# Leaving a dog in the campervan?



## Caijin (Oct 24, 2011)

Hi, I am taking my German Shepherd/ Labrador cross to Weymouth with me next week. Stonehenge is on the way and I was contemplating paying it a visit as I have never been. Problem, of course, is, you can't take dogs.

We will be going in the camper van (a Toyota Hi-ace if anyone is familiar, it is bigger than the typical VW van but still far smaller than a motor home - if that makes any difference). 

I would be arriving early morning (about 9:30) and with it being autumn, the day should be cool (obviously if I were to turn up and it was hot, I wouldn't even think of stopping).

What are your thoughts on leaving him in the camper while I have a wander? From what I have read the audio tour takes 40 minutes or so. Is this too long to leave him on a cool day?


----------



## portiaa (Dec 10, 2010)

Personally,I think it's a fairly simple question to answer.. No, I'd never dream of leaving them alone in a camper van. Not because the dog would be distressed, because mine would be perfectly happy sleeping or chewing on a kong, but because of the risks of other people! anything could happen.. And I don't wish to take such a big risk. 

Also is it not against the law now to leave dogs in cars, I'm not sure but I know that people can phone the police if in a car park and see a dog and the police will come and get them out.
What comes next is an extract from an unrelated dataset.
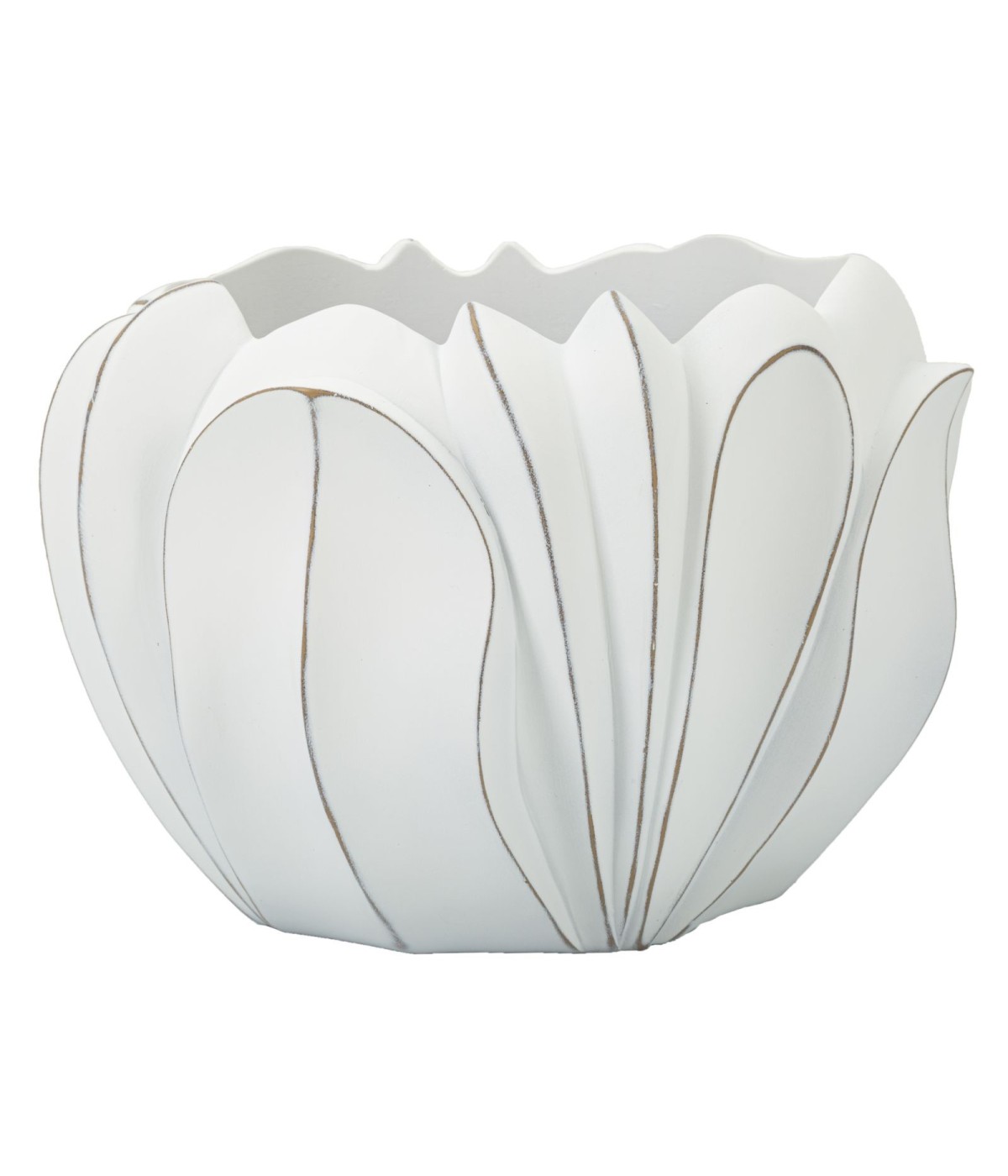 Cachepot rotondo in ceramica dal design morbido e sinuoso con eleganti decorazioni in rilievo.
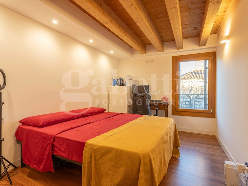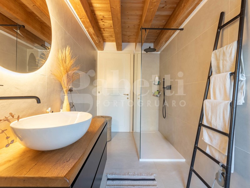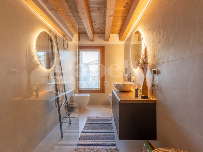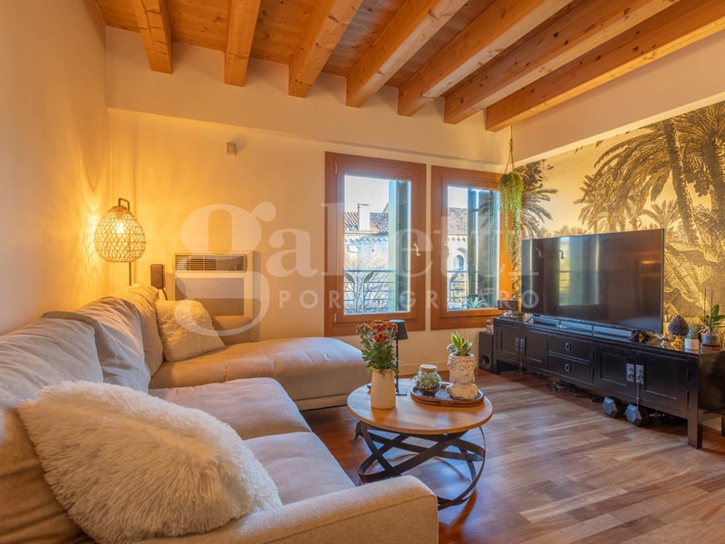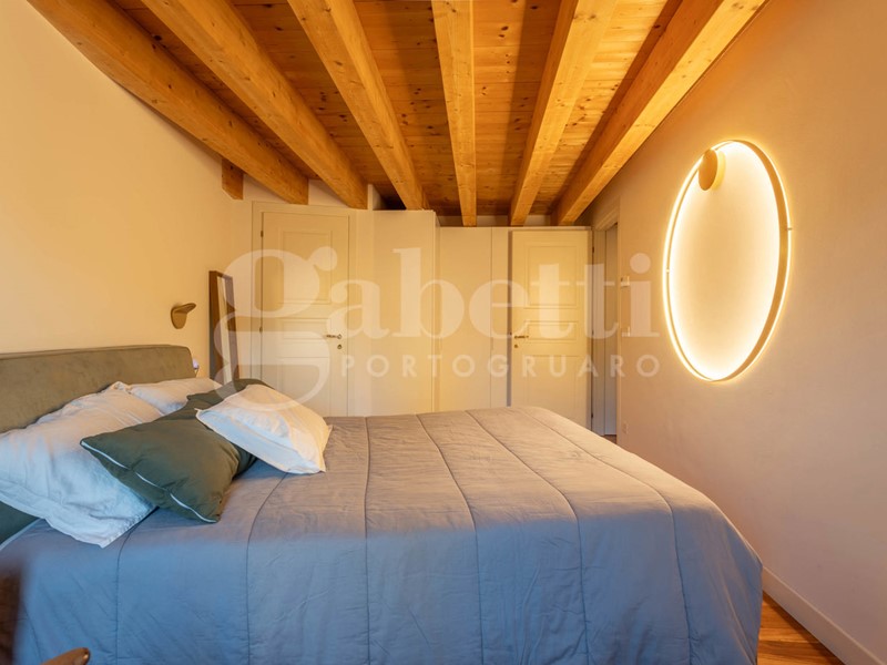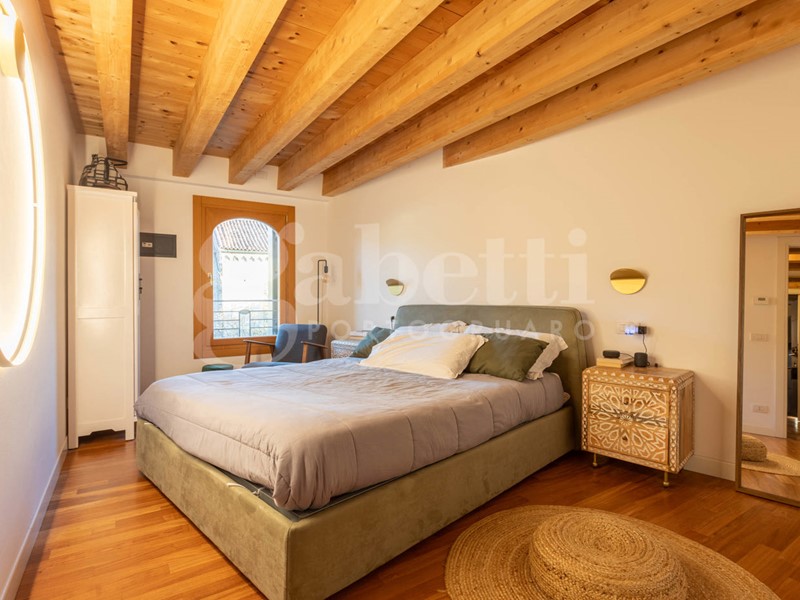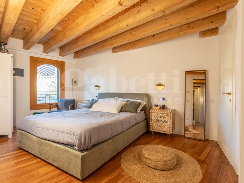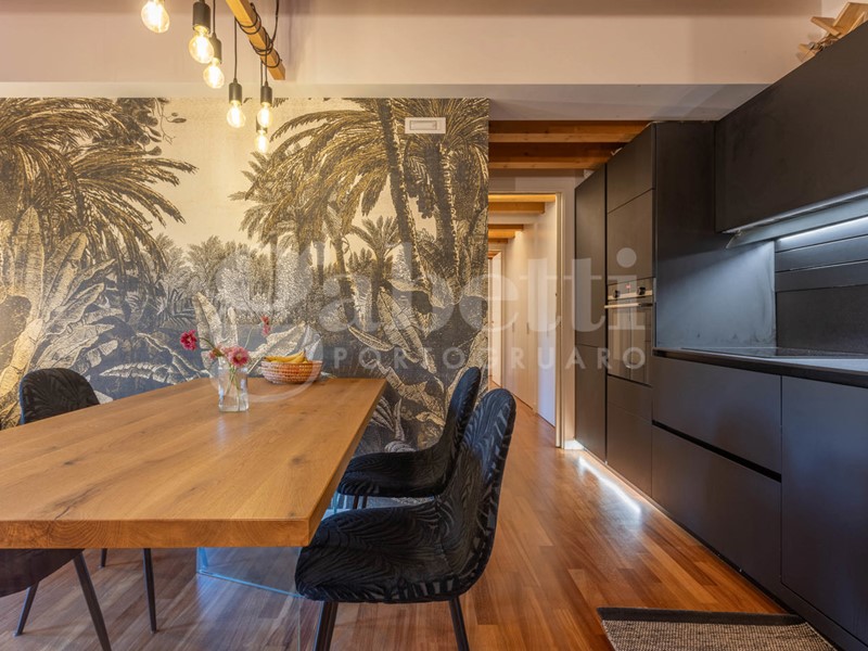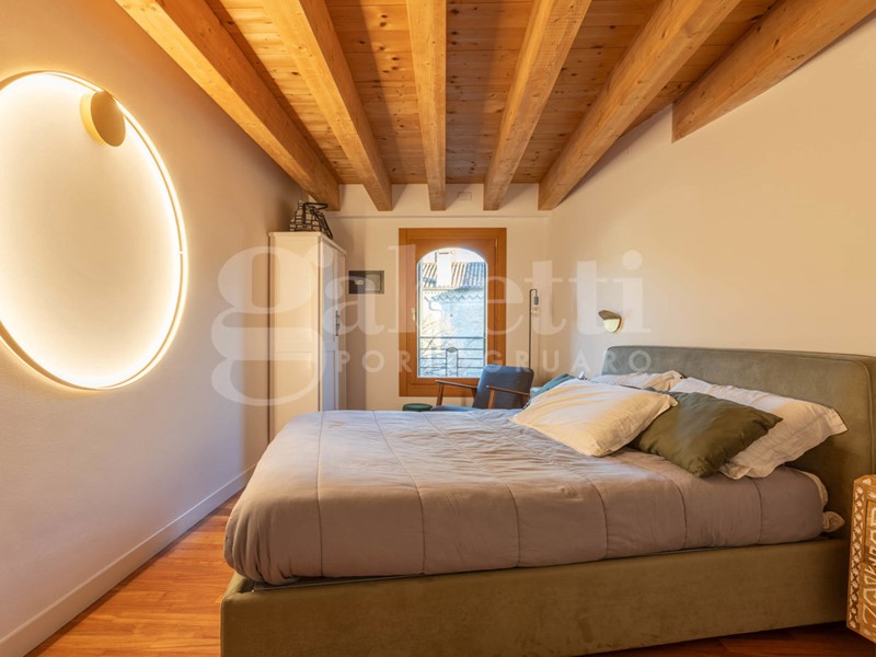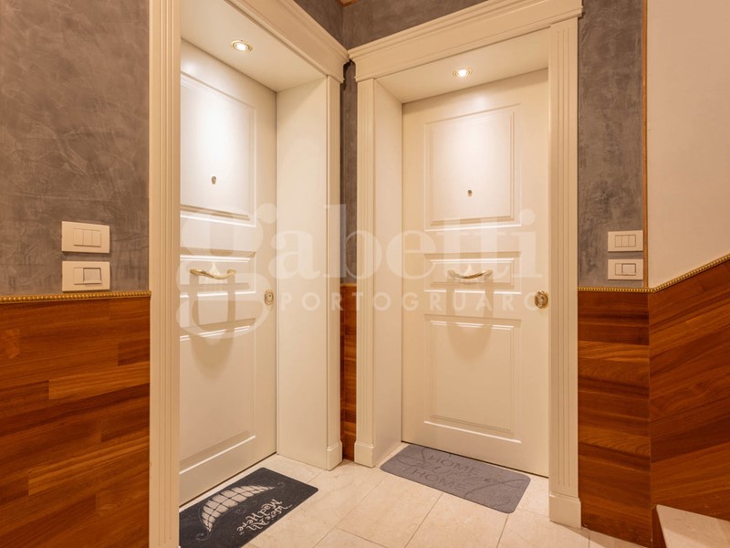 Inserito in un contesto condominiale di assoluto pregio e servito da ascensore, l'appartamento accoglie con un'atmosfera calda e raffinata, grazie alle travi a vista e alle pavimentazioni in legno che donano armonia e continuità agli ambienti.

I'm not sure whether the law states this or not 

But for me, I wouldn't-because of the risk others pose to my dog. 

Just my opinion


----------



## Balto-x (Nov 7, 2010)

Hi 

I can not see 40 mins being to long, leave him with a Kong or toy to keep him entertained 

enjoy your holiday

xx


----------



## Fleur (Jul 19, 2008)

Things to consider:

How hot will the van get - even on a cool day if the sun is on the van it could get hot
How will yor dog cope with being left in that enviroment - if he's not been left in the van before it might stress him out

I'm not sure because I haven't been for years but you used to be able to walk around the outside of the fence and see Stonehenge without actually going in - you can always pop into the shp and get a guide book and admire it from the outside.

I'm in the process of converting a van into a camper and don't have any intention of leaving the dogs unattended for more than a few minutes when I absolutely need to and will have a space for their crate so they have a safe and secure place to wait for us.


----------



## cravensmum (Jun 28, 2010)

As a family we have caravanned & motor homed for 50 years and sometimes we have had to leave the dog(s) in there for a while.Usually when it's too hot outside or we are visiting a place that won't allow dogs.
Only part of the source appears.